5. The Respondent vide his submissions dated 09.01.2020 has stated that the penal provisions under Section 171 (3A) of the Act read with Rule 133 (3) (d) of the CGST Rules, 2017 should not be invoked and penalty should not be imposed on him as the Central Government vide Notification No. 01/2020- Central Tax dated 01.01.2020 has appointed the 1st day January, 2020 as the date on which the provisions of Section 92 to 112 of the Finance (No. 2) Act, 2019 shall come into force. He has further submitted that provisions of Section 171 (3A) inserted vide Section 112 of the Finance Act, 2019 are effective prospectively from 01.01.2020 and they cannot have retrospective operation.
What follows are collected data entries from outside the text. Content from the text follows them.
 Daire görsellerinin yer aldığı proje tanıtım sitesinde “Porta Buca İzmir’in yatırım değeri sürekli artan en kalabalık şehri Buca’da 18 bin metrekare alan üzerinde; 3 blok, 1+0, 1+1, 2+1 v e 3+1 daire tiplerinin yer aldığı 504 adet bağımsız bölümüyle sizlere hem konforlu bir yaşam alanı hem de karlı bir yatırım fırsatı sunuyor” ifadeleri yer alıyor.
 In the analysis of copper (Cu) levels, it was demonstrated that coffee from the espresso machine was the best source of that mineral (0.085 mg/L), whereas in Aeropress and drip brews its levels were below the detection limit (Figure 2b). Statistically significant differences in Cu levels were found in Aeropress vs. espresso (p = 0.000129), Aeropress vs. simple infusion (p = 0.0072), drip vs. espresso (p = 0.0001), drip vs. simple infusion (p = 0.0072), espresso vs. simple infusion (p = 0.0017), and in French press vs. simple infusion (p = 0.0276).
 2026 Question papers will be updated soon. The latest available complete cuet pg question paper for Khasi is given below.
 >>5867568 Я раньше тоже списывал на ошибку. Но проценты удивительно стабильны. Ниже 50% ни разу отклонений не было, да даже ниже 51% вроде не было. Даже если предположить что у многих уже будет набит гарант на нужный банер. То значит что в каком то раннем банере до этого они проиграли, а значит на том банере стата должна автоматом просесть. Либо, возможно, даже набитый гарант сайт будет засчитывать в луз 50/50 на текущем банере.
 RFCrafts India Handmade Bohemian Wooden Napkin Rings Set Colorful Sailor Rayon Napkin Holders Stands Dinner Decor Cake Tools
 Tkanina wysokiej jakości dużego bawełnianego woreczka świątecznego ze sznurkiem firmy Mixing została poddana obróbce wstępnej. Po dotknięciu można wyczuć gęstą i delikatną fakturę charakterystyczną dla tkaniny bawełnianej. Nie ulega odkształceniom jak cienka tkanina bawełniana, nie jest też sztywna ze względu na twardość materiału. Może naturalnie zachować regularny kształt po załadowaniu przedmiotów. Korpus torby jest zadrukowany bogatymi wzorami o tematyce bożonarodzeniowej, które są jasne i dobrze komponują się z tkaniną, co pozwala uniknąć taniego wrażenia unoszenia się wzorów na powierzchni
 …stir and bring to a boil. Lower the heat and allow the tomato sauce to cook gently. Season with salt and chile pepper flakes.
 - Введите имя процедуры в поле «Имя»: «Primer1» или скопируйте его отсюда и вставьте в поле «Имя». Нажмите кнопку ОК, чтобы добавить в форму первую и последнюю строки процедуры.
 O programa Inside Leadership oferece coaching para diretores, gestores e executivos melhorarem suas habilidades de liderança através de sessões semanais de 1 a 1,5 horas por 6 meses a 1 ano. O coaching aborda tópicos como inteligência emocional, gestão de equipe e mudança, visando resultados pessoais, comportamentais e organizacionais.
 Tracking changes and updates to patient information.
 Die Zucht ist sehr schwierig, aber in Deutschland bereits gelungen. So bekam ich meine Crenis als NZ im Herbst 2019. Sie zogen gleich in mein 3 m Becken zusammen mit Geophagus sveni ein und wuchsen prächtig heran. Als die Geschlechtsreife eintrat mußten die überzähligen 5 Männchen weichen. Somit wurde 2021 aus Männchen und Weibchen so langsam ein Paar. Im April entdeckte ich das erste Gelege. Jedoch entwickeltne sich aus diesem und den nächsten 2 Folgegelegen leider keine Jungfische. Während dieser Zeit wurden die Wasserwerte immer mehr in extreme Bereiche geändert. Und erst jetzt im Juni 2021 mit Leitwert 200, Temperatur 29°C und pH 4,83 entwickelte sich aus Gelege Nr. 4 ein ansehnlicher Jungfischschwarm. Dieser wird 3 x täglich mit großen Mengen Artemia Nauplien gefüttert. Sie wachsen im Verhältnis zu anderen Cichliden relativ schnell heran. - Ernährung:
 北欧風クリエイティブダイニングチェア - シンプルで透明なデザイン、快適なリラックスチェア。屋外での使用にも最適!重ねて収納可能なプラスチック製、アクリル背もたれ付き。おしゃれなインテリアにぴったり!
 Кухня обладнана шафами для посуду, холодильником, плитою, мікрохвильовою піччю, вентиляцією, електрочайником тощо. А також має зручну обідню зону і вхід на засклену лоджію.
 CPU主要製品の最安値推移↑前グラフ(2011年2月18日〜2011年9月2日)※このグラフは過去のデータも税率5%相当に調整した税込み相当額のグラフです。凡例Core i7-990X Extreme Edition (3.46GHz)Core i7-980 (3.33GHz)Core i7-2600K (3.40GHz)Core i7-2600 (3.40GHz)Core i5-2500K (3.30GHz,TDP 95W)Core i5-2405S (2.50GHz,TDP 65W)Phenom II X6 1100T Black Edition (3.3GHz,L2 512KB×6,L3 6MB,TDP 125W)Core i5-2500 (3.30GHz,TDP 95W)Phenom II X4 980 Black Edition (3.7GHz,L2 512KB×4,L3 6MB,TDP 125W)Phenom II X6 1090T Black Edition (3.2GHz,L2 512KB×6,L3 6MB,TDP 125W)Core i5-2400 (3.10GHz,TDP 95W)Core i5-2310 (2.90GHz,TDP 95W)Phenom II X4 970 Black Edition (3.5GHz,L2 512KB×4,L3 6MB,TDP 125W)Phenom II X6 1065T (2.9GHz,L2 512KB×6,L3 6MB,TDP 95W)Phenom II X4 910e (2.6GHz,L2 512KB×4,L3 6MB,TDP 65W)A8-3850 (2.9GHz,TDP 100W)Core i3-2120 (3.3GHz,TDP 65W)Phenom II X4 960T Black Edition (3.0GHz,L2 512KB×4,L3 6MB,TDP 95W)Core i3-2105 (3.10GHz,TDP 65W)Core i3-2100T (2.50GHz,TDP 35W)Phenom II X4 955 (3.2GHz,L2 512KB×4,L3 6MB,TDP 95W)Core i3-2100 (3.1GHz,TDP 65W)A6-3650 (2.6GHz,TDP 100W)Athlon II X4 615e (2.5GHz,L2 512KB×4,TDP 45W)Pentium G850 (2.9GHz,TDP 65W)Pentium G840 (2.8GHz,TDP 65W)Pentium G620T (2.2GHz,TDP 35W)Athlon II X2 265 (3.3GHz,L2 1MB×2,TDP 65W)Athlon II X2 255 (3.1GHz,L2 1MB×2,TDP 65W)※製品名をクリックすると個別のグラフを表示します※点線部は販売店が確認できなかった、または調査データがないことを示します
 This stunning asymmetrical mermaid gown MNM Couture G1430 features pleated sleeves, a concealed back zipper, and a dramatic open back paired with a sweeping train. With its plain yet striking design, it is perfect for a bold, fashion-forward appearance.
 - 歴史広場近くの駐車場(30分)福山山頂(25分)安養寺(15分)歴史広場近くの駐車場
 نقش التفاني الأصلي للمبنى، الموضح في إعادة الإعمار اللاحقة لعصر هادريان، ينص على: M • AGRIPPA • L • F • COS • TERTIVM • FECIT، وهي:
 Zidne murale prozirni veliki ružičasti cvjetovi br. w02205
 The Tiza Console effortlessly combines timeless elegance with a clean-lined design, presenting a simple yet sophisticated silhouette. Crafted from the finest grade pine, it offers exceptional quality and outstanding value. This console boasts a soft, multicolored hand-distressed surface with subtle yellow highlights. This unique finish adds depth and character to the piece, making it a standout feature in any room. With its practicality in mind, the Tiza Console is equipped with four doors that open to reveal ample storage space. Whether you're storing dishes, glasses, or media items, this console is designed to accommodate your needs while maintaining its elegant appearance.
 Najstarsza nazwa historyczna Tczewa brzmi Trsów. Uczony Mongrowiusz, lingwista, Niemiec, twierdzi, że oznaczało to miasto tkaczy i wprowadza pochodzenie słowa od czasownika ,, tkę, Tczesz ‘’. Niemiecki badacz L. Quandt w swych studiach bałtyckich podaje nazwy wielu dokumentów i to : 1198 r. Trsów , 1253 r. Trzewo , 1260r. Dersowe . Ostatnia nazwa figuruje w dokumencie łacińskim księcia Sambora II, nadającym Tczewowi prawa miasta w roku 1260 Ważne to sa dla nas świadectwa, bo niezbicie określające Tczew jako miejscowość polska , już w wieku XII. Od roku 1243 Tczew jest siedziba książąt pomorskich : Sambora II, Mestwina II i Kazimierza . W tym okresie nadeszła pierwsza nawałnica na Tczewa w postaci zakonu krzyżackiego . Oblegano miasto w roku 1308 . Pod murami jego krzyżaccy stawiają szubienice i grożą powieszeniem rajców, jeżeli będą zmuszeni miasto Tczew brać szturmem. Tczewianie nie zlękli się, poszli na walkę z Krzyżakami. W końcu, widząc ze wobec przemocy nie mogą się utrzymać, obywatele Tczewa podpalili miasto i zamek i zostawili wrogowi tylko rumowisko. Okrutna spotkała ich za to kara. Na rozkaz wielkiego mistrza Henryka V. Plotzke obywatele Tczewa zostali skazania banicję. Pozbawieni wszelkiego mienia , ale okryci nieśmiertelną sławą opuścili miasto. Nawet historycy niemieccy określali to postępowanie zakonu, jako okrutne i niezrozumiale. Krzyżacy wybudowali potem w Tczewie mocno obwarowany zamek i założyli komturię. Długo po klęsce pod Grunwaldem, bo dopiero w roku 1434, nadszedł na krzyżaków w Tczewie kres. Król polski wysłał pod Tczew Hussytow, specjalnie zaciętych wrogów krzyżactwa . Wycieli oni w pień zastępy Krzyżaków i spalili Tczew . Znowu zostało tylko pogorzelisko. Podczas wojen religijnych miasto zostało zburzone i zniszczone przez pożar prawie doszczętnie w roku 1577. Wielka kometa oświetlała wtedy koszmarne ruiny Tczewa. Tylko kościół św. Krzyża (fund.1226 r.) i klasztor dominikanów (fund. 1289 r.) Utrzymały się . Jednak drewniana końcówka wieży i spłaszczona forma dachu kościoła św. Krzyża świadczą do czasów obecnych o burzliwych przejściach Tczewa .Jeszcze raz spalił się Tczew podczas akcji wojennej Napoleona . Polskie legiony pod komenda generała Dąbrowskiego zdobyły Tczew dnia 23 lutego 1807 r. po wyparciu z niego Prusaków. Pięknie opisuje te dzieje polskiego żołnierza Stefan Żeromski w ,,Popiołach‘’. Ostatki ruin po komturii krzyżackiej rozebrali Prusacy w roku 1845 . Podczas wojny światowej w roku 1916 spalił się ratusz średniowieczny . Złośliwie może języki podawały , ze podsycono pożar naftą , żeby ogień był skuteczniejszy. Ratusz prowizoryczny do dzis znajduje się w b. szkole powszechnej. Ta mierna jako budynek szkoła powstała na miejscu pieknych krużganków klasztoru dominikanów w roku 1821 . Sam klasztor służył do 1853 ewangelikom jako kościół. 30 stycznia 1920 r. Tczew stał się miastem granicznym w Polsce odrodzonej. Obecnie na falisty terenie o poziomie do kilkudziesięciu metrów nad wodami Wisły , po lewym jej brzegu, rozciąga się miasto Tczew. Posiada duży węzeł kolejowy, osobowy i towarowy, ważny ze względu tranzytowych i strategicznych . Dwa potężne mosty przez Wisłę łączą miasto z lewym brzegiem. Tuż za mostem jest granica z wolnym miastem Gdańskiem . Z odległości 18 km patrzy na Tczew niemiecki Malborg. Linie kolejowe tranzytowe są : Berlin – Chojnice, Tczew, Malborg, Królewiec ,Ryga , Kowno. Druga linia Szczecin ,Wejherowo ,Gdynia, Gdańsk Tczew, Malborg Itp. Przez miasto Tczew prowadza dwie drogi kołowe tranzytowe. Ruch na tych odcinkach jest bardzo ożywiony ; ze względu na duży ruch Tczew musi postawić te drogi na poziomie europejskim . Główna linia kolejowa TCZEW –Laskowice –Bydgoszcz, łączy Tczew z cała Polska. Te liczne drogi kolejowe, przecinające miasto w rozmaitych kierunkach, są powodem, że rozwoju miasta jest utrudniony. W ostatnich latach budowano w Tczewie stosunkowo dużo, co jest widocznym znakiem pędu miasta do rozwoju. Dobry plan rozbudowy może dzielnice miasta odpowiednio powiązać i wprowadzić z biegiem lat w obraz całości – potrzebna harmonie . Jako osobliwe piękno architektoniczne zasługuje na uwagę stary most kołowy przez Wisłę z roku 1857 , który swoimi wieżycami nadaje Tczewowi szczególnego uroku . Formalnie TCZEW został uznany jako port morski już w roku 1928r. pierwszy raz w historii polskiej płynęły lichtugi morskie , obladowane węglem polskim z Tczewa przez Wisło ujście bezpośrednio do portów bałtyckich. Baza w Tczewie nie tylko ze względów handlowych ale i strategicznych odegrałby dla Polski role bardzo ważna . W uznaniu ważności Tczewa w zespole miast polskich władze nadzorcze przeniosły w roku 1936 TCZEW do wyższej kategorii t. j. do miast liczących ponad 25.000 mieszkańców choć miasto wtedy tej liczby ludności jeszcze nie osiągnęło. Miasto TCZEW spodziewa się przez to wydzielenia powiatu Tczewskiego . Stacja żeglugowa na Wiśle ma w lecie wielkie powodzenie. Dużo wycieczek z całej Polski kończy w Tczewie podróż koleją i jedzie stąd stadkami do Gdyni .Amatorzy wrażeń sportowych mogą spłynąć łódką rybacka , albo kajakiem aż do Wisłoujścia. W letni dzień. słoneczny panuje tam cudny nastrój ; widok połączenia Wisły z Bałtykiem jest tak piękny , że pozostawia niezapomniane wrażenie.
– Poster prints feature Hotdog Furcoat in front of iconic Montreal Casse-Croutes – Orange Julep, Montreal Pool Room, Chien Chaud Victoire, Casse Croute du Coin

He has inter-alia also made a number of submissions for non-imposition of penalty.
6. We have carefully considered the submissions of the Respondent and all the material placed before us and it has been revealed that the Respondent has not passed on the benefit of input tax credit to his buyers w.e.f 01.07.2017 to 30.09.2018 and hence, the Respondent has violated the provisions of Section 171 (1) of the CGST Act, 2017.
7. It is also revealed from the perusal of the CGST Act and the Rules framed under it that the Central Government vide Notification No. 01/2020- Central Tax dated 01.01.2020 has implemented the provisions of the Finance (No. 2) Act, 2019 from 01.01.2020 vide which sub-section 171 (3A) was added in Section 171 of the CGST Act, 2017 and penalty was proposed to be imposed in the case of violation of Section 171 (1) of the CGST Act, 2017. Since no penalty provisions were in existence between the period w.e.f. 01.07.2017 to 30.09.2018 when the Respondent had violated the provisions of Section 171 (1), the penalty prescribed under Section 171 (3A) cannot be imposed on the Respondent retrospectively. Accordingly, the notice dated 18.12.2019 issued to the Respondent for imposition of penalty under Section 171 (3A) is hereby withdrawn and the present penalty proceedings launched against him are accordingly dropped.
8. Copy of this order be supplied to both the parties. File be consigned after completion.